■ Aim of the task
The output should be the listing below, limited to the lines from the one with "小巧精致的书签、泰山玉打造的" through the one with "Apres des années", exact and without pictures.

■ Given records
Segment Open
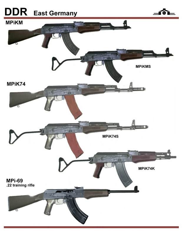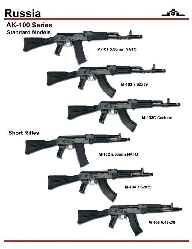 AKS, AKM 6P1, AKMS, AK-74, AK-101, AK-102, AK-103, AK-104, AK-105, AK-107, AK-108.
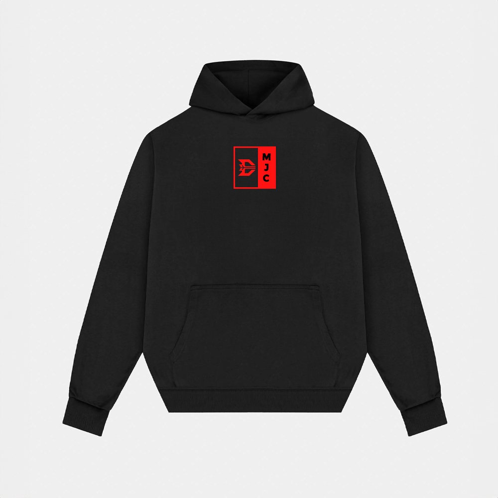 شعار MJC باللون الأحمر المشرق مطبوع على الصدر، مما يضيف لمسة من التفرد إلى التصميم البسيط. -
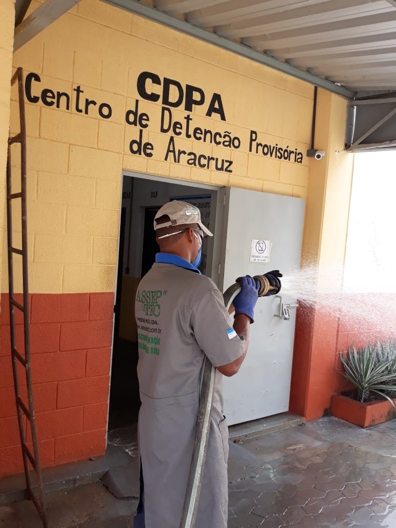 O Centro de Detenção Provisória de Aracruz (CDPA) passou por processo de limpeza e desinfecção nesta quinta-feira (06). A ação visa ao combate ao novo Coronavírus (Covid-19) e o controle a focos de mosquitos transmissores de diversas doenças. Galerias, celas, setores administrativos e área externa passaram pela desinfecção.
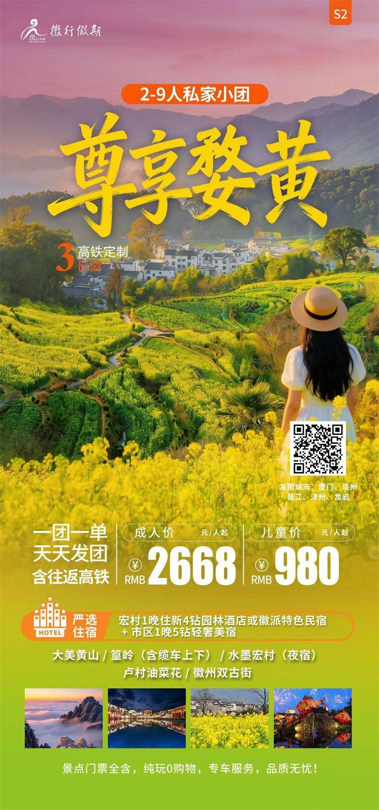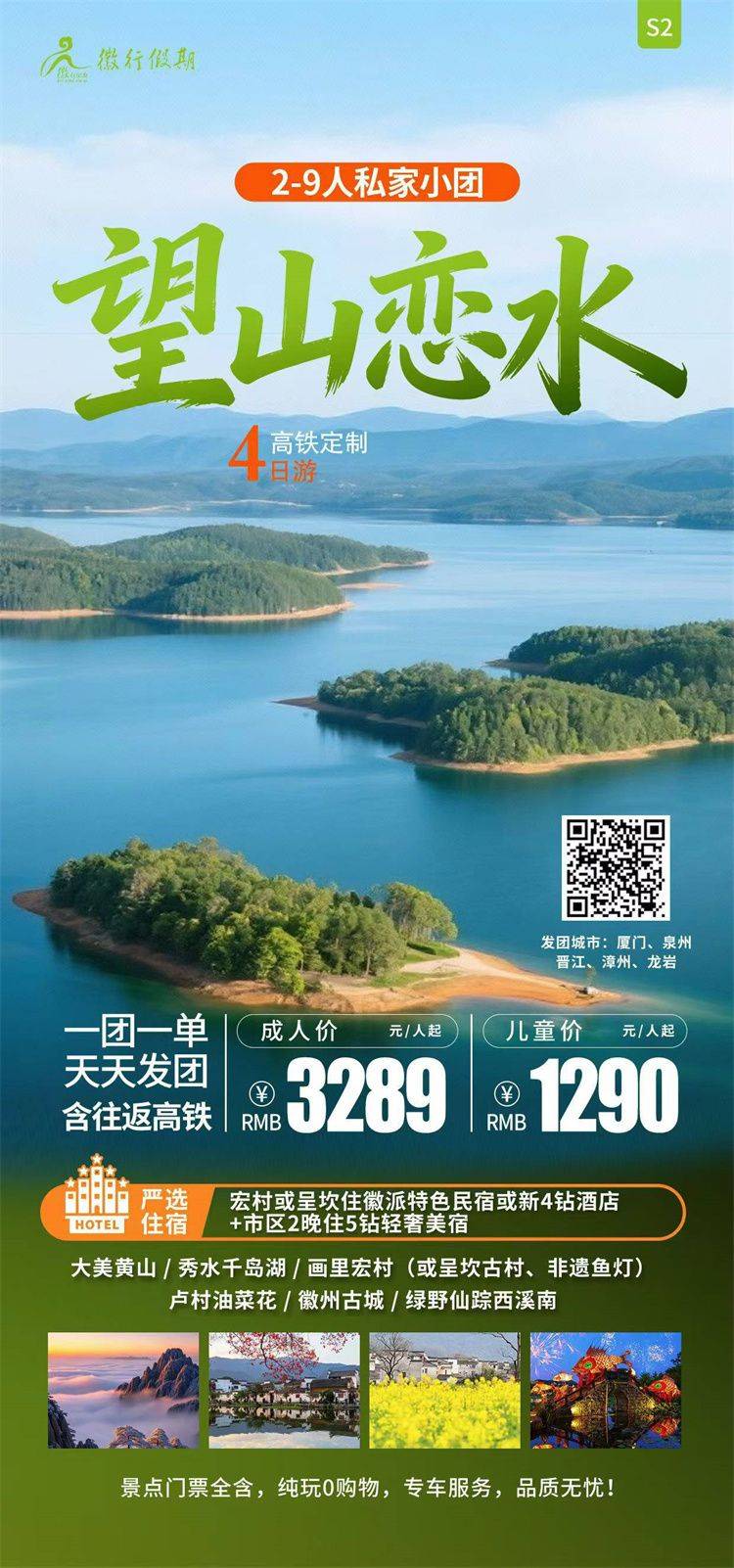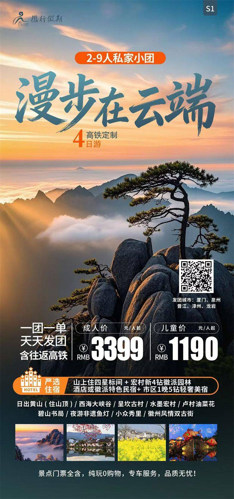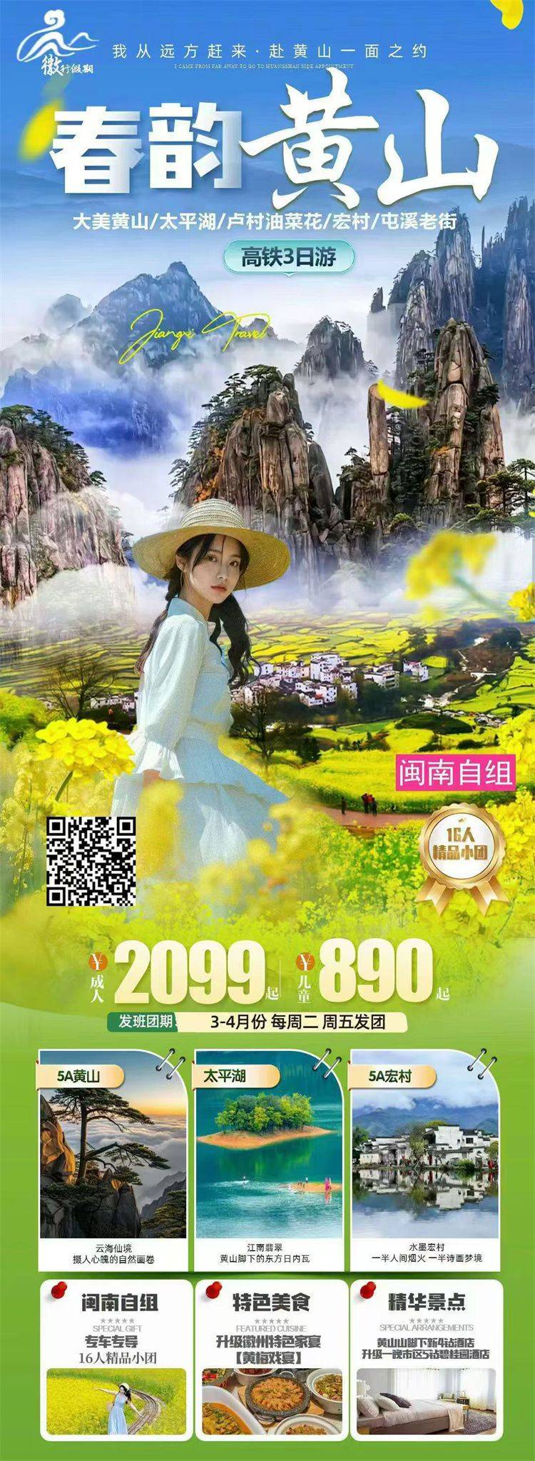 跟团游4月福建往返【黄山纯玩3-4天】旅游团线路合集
Segment Closed
Segment Open
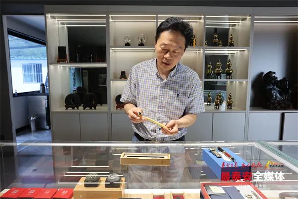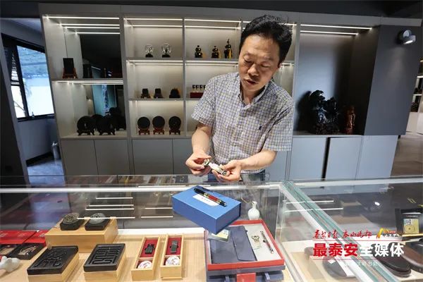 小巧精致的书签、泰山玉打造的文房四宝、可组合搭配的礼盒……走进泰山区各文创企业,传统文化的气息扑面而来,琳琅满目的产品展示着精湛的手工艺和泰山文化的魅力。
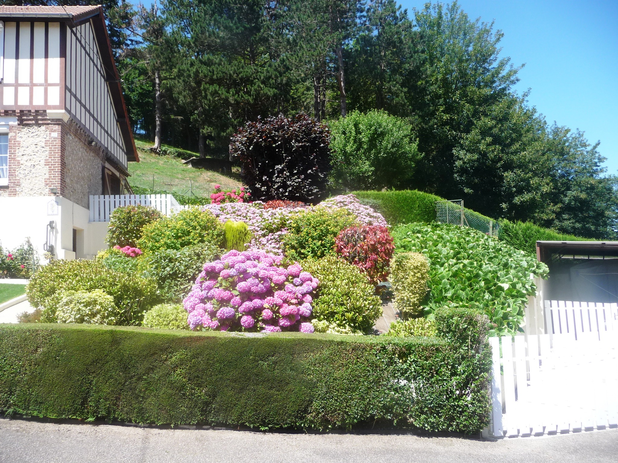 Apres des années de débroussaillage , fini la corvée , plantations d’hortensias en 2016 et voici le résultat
Segment Closed
■ Result of the exercise
 小巧精致的书签、泰山玉打造的文房四宝、可组合搭配的礼盒……走进泰山区各文创企业,传统文化的气息扑面而来,琳琅满目的产品展示着精湛的手工艺和泰山文化的魅力。
 Apres des années de débroussaillage , fini la corvée , plantations d’hortensias en 2016 et voici le résultat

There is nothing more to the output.